If going forward, you want to use Filter/Join, and other native Pig 
functionality, or if you want to break these 9 functions and combine 
them in a different way, Pig will definitely help.

Daniel

Cornelio Iñigo wrote:
> Hi
>
> I'm starting with this of hadoop and Pig, I have to pass a hadoop MapReduce
> program that i made to Pig, in the hadoop program I have just a Map function
> and on it I perform all the process
> that consists to analize some text... to this 9 functions (operators) are
> called, this functions run in a secuencial mode (when the first is done, the
> second is started and so on), here is how map looks:
>
>
>         static class Map extends Mapper<LongWritable, Text, Text,
> IntWritable>{
>
>
>                  //declaration of operators or functions
>                  Operator1 op1 = new Operator1();
>                  Operator2 op2 = new Operator2();
>                  Operator3 op3 = new Operator3();
>                  ...
>                  ...
>         /*map function
>
>         */
>
>         public void map(LongWritable key, Text value, Context context)
> throws IOException, InterruptedException{
>
>                                 //get a row from csv
>                                  String line = value.toString();
>
>                                //some code to parse the line
>                                ...
>                                ...
>
>                              //initialize all the operators if they are not
> initialized
>                                if( !op1.isInitialized() )
>                                         op1.initialize();
>
>                                 if( !op2.isInitialized() )
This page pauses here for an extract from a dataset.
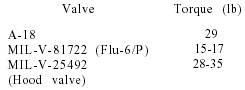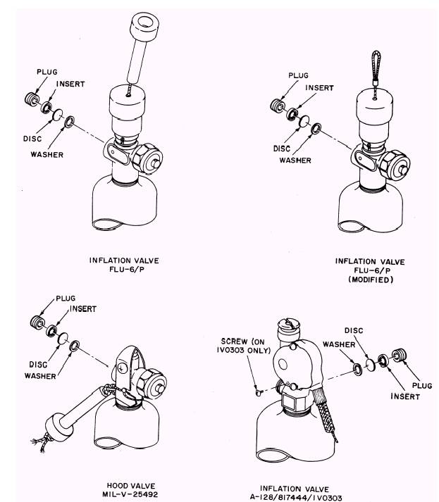 Figure 3-9.\Disassembly of Inflation Valve Safety Disc Assembly. by the introduction of nitrogen at 200 psi and then the addition of a proper charge of carbon dioxide. The addition of nitrogen in carbon dioxide cylinders provides additional pressure. This pressure expels the carbon dioxide at extremely cold temperatures (below 0F) at a much higher rate than would the pressure of the carbon dioxide itself. Winterized cylinders have a carbon dioxide charge less than rated capacity. As a result the total pressure is lower at high temperatures than with rated charge, even though nitrogen has been added. Thus winterized cylinders can be subjected to 160F without the safety disc rupturing. REPLACING SAFETY DISCS AND WASHERS ON INFLATION VALVES If you are not familiar with the flotation equipment, replacing safety discs and washers on the various CO2 cylinders can be very difficult. You will need some special tools to replace the . safety disc and washers on inflation valve assemblies A-128/817444, MIL-V-81722 (Flu-6/P), and MIL-V-25492 (figure 3-9). You will require a torque wrench, a five-sixteenth inch socket, and apiece of hex stock 5/16 x 2 inches long. Once you have these tools, changing the safety disc will be a simple process. WARNING Before you perform any work on inflation valves, ensure that CO2 inflation assemblies are completely discharged. Do not remove the valve or valve safety disc plug from a charged CO2 assembly. Insert the 5/16- x 2-inch stock into the disc plug and remove the safety disc plug. Then insert the safety disc and washer as shown in figure 3-9. To replace these items, simply reinstall them into the inflation valve. Remember to install new washers and safety discs. Use a torque wrench to make the following torque valve adjustments.

>                                         op2.initialize();
>
>                                  ...
>                                  ...//and so on with all operators
>
>
>                                 //process each operator
>                                 op1.process(line);
>                                 String[] resultOP1 = op1.getResults();
>
>                                 op2.process(resultOP1);
>                                 String[][] resultOP2 = op2.getResults();
>                                 ...//and so on with all the operators
>                                 ...
>
>                               //finally collect results
>                                String put = "";
>                                 for( int k = 0 ; k < resultOP9.length ; k++
> ){
>                                    for( int j = 0; j < resultOP9[k].length;
> j++ ){
>
>                                         context.write...
>                                     }
>                                 }
>                             }
>         }
>     }
>
>
>
>  My question is if its a good idea or if there is a way to pass this type of
> program to Pig?
>
> Thanks
>
>